RCMP badge and motto

The badge

The story of our badge and motto is one of legend and mystery, dating back to the North-West Mounted Police (NWMP). A fire in the West Block of the Parliament Buildings in 1897 destroyed most of the NWMP's 19th century records.

This leaves us with no official record of how or when our badge and motto were chosen. Despite the uncertainty, we do have some leads.

The badge

We know the original buffalo head badge first appeared on an officer's pouch (sabretache) in 1877. This means the badge was likely selected while Commissioner George Arthur French was in command (1873 to 1876).

Did you know

Coat of Arms of Canada

Our buffalo head emblem is considered a badge, rather than a crest.

A badge, like our buffalo head, is a distinctive symbol worn as a sign of allegiance or membership. Our badge is also registered in the Public Register of Arms, Flags and Badges of Canada. That means it can only be referred to as a badge.

Whereas a crest is an emblem placed on a helmet, which is above the shield in an illustration of a coat of arms. For example, the lion at the top of the Coat of Arms of Canada is considered a crest.

The buffalo head

The origin of the North American bison as the symbol of the NWMP is unknown. One historical account notes a possible connection to the March West in 1874 and Assistant Commissioner James Macleod.

Assistant Commissioner Macleod was said to have been impressed with the great herds of prairie buffalo. So much so, he thought it was a "splendid" idea to have the buffalo head on the buttons of the members' tunics. That suggestion was later adopted.

Assistant Commissioner Macleod's influence

Assistant Commissioner Macleod was a former chieftain of the Scottish Clan Macleod of Dunvegan. This had a very clear, though unconfirmed, influence on the original NWMP badge.

The Scottish Clan Macleod of Dunvegan's badge included a bull's head, similar to the buffalo head. The oval surrounding the head in the NWMP badge also had a belt buckle at the bottom. This was a device of the badges of the Highland clans.

Badge design

The first official description of the badge with our motto appeared in the dress regulations for officers. It was published in Order-in-Council 1890-0192, dated January 24, 1890.

The badge was described as "a maple wreath with a ribbon bearing the word "Canada" surmounted by a crown above; and the words "North West Mounted Police" below; within the wreath an oval bearing the words "Maintien le droit", encircling a buffalo head in silver."

This remains the basic design of our badge today, though it did undergo some changes in 1953. Most notably, the belt buckle was removed. This was due to the mistaken belief that the oval was a "garter" (symbol of the English Order of the Garter).

The motto

Our motto, Maintiens le Droit, translates from French to "maintain the right" or "uphold the right" in English.

Grammar controversy

Who selected this motto is unknown. However, on the badges of both the NWMP and, after 1904, the Royal North-West Mounted Police, the motto was Maintien le Droit. But the use of "maintien" was later proven incorrect.

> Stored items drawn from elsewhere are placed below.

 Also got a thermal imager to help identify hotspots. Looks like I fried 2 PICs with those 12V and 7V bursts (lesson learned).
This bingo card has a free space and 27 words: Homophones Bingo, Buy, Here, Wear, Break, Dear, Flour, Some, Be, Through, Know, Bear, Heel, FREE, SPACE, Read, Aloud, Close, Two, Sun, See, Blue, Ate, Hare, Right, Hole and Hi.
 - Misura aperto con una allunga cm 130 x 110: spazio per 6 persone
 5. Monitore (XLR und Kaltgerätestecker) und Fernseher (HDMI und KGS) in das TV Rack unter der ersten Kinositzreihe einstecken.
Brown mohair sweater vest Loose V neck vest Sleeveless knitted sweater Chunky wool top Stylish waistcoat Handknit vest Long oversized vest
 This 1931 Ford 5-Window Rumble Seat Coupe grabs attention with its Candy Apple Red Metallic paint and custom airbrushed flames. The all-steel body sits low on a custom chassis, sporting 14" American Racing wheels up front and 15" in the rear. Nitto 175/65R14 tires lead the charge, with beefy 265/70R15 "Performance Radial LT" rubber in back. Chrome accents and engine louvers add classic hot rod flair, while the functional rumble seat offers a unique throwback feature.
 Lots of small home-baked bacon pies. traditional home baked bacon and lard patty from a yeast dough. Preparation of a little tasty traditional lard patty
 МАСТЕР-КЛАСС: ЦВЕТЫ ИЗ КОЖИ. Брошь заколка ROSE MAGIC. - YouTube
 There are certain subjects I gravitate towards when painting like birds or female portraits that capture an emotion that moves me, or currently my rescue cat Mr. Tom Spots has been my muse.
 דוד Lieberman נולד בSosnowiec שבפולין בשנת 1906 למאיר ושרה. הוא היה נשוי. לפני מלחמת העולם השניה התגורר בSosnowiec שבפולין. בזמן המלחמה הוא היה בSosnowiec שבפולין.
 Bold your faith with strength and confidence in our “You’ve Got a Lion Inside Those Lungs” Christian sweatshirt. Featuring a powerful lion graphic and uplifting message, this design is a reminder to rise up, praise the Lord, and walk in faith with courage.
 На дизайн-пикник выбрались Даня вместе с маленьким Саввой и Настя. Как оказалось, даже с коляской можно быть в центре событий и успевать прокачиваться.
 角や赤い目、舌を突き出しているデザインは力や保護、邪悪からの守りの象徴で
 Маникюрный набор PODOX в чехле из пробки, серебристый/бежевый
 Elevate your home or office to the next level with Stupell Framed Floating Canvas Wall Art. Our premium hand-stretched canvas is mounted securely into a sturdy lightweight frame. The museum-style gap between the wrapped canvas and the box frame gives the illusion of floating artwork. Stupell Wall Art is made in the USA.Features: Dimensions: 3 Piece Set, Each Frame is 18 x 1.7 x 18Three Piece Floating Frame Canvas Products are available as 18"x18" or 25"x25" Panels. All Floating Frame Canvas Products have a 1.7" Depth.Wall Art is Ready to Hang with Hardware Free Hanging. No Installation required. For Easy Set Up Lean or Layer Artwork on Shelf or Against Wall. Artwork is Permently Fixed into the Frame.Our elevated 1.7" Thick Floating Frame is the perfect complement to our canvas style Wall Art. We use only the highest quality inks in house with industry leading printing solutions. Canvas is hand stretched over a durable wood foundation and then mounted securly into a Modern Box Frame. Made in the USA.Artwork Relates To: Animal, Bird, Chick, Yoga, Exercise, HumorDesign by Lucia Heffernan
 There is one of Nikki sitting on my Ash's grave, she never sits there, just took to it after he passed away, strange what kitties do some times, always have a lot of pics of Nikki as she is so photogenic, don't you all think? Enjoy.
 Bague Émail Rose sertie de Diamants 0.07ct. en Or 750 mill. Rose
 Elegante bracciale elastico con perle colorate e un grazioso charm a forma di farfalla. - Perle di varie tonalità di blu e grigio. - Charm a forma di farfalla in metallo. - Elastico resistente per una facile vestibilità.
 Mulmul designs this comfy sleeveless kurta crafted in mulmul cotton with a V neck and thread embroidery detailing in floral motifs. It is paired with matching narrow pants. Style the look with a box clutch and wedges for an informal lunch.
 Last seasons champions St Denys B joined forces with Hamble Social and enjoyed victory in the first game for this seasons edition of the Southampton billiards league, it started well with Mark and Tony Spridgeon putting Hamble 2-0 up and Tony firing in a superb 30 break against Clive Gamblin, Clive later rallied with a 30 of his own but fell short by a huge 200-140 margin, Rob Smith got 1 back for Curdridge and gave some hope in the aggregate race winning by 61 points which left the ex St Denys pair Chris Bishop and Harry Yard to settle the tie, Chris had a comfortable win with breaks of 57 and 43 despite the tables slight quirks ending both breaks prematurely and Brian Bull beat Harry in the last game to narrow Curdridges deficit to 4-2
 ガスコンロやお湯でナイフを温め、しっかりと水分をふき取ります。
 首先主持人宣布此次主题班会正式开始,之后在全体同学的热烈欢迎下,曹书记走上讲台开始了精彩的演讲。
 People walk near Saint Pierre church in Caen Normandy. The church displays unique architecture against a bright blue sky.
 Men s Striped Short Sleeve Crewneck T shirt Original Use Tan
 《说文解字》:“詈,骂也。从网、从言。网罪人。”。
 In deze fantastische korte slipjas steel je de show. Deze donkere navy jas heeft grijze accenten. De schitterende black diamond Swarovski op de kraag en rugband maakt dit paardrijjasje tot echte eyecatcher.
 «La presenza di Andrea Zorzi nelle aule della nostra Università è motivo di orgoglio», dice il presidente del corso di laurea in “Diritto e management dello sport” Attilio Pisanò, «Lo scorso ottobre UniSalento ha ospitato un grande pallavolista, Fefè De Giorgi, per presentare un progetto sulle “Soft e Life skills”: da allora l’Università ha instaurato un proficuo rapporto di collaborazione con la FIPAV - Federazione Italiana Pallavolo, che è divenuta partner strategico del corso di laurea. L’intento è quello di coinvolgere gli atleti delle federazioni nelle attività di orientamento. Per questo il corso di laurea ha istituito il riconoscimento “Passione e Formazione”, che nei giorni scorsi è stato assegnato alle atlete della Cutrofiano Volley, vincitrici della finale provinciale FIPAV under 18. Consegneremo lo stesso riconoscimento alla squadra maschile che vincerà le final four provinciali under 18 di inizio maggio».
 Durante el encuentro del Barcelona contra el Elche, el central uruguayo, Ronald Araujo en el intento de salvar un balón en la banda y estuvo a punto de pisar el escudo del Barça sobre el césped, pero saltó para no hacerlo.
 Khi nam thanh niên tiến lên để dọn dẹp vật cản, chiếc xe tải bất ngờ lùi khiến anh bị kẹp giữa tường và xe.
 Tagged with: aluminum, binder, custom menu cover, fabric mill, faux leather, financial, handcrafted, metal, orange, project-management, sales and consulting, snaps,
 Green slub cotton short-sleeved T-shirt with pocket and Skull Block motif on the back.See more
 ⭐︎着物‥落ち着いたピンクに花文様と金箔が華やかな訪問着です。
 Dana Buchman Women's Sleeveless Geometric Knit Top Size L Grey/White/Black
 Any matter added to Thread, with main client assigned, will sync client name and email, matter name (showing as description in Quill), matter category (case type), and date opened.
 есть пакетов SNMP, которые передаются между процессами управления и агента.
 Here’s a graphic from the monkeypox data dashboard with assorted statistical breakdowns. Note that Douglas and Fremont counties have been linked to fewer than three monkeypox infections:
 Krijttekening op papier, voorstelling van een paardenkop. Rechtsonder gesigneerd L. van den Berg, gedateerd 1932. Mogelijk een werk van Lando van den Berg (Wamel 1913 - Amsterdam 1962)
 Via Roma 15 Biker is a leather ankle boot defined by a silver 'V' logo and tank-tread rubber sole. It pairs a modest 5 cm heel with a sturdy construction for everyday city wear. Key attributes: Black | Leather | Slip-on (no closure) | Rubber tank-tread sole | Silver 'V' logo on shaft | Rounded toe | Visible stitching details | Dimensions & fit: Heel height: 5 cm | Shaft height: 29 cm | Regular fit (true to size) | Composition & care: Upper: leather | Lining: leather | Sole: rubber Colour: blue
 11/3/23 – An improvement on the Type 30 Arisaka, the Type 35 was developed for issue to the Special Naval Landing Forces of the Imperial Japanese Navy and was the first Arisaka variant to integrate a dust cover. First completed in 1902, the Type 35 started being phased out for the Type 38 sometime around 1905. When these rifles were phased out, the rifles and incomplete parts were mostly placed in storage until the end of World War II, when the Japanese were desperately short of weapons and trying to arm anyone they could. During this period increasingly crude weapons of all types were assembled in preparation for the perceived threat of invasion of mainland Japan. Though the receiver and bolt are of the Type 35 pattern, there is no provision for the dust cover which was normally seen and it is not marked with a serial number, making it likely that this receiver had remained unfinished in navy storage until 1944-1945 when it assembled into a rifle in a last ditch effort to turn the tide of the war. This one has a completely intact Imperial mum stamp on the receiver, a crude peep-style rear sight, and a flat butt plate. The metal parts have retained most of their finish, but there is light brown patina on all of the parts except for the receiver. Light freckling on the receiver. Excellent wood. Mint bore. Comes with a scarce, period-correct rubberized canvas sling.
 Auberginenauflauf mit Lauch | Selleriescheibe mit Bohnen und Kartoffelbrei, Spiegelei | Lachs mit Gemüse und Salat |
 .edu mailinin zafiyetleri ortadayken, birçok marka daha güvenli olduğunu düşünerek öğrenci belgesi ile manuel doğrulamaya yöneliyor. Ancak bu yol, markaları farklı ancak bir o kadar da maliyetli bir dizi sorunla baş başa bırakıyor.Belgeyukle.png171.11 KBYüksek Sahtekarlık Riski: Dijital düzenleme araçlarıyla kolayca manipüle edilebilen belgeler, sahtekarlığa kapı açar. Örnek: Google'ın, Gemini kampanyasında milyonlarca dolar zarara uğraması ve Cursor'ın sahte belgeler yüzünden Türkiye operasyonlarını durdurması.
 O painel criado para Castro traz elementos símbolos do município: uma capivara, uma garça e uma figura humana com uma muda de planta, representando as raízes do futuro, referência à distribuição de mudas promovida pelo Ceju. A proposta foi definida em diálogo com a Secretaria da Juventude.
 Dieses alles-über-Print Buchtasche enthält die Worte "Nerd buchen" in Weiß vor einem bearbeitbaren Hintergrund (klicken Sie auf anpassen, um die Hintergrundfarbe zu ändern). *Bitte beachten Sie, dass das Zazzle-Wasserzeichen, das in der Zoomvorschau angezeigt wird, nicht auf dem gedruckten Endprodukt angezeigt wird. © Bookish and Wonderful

In 1914, a French-speaking officer, Inspector Charles Auguste Rheault, first wrote to Commissioner A. B. Perry to point out the issue. He noted that maintiens was the correct conjugation of maintenir in the second person singular.

After checking with language experts, Commissioner Perry confirmed maintiens was the correct conjugation. He later sent out a General Order the organization to confirm the change of motto to Maintiens le Droit.

The story of Fred White

Recent research suggests the original spelling, although incorrect, was deliberate.

Maintien Le Droit was the ancestral motto of Charles John Brydges, the managing director of the Grand Trunk Railway. Brydges was also a personal friend of Prime Minister Sir John A. Macdonald.

In 1866, Brydges organized a militia unit called the Grand Trunk Railway Regiment. The motto Maintien le Droit appeared on the militia's badge.

The story takes an interesting turn with a young immigrant from England named Fred White. He was a clerk under Brydges at the railroad company's head office in Montreal from 1862 to 1869.

In 1869, White became a clerk in the Department of Justice under the Minister, Sir John A. Macdonald. He was also directly involved in the organization of the NWMP in 1873. In 1878, he was appointed the Comptroller of the NWMP, a position he held until 1913.

It's possible Fred White borrowed the ancestral motto of his former boss to be the motto of the NWMP.

But due to the 1897 fire that destroyed his records, we can never know for sure and the true origins remain a mystery.